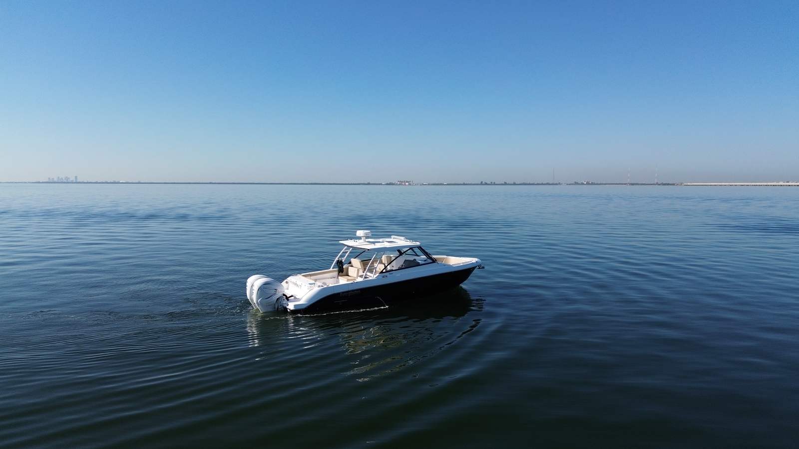 •Fiberglass hardtop with powder-coated aft legs, includes LED lights, spreader lights, radio box and speakers
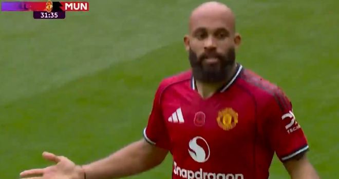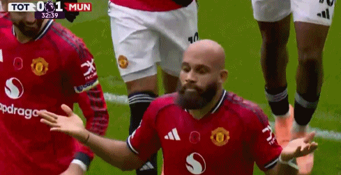 比赛的第31分钟,迪亚洛右路横传,姆贝莫头球冲顶破门。进球之后,姆贝莫双手一摊,示意球进得如此容易,这是曼联此役的第一次射正。
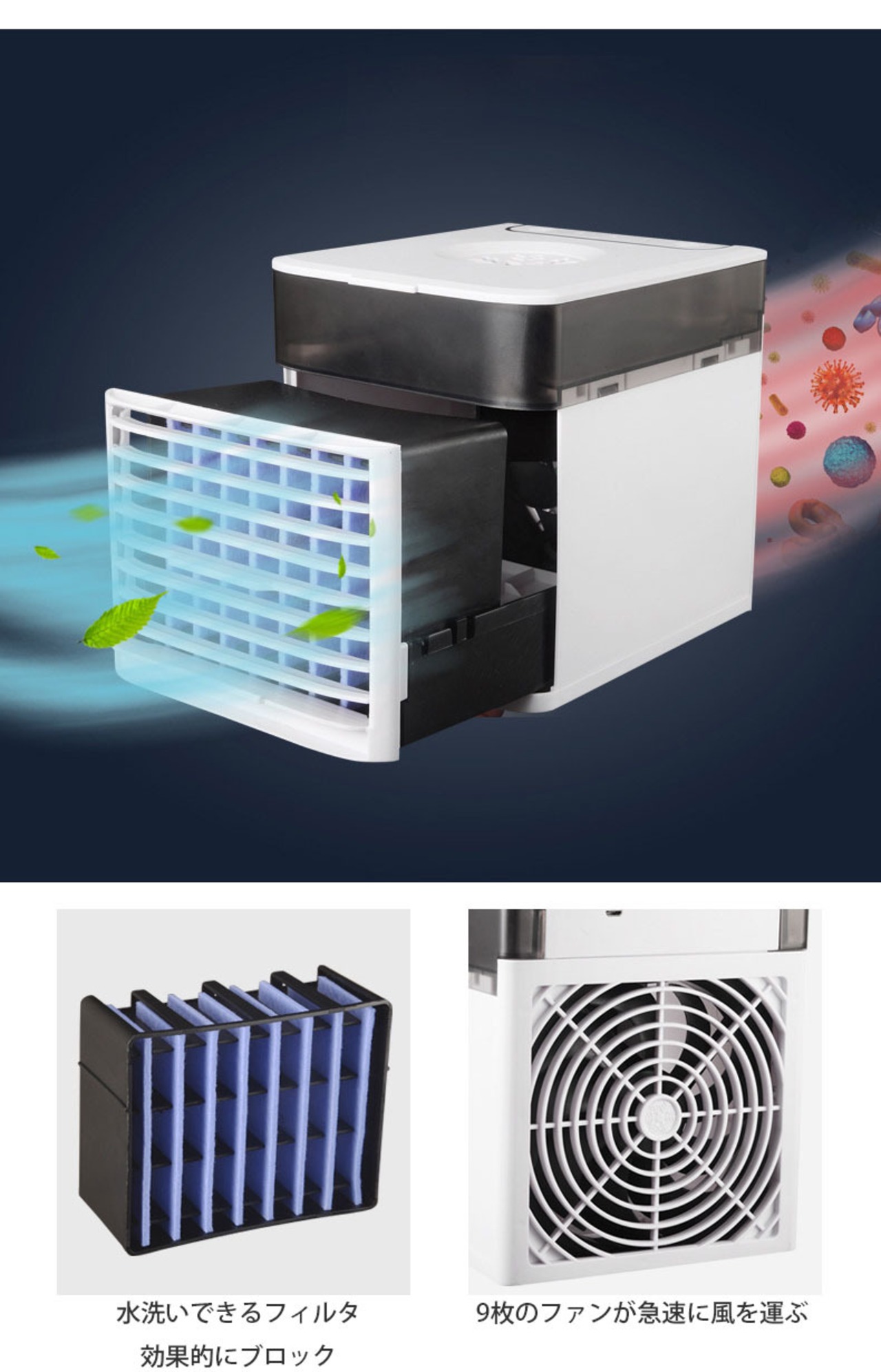 【フィルター】水洗い可能。ほこりやバクテリアをブロックし、空気を清潔に保ちます。
----------------
▶ _What you are asked to do_
Each line from the one containing "比赛的第31分钟,迪亚洛右路" through the last line of the listing must be copied exactly, and the pictures must not be.

▶ _Output for this exercise_
 比赛的第31分钟,迪亚洛右路横传,姆贝莫头球冲顶破门。进球之后,姆贝莫双手一摊,示意球进得如此容易,这是曼联此役的第一次射正。
 【フィルター】水洗い可能。ほこりやバクテリアをブロックし、空気を清潔に保ちます。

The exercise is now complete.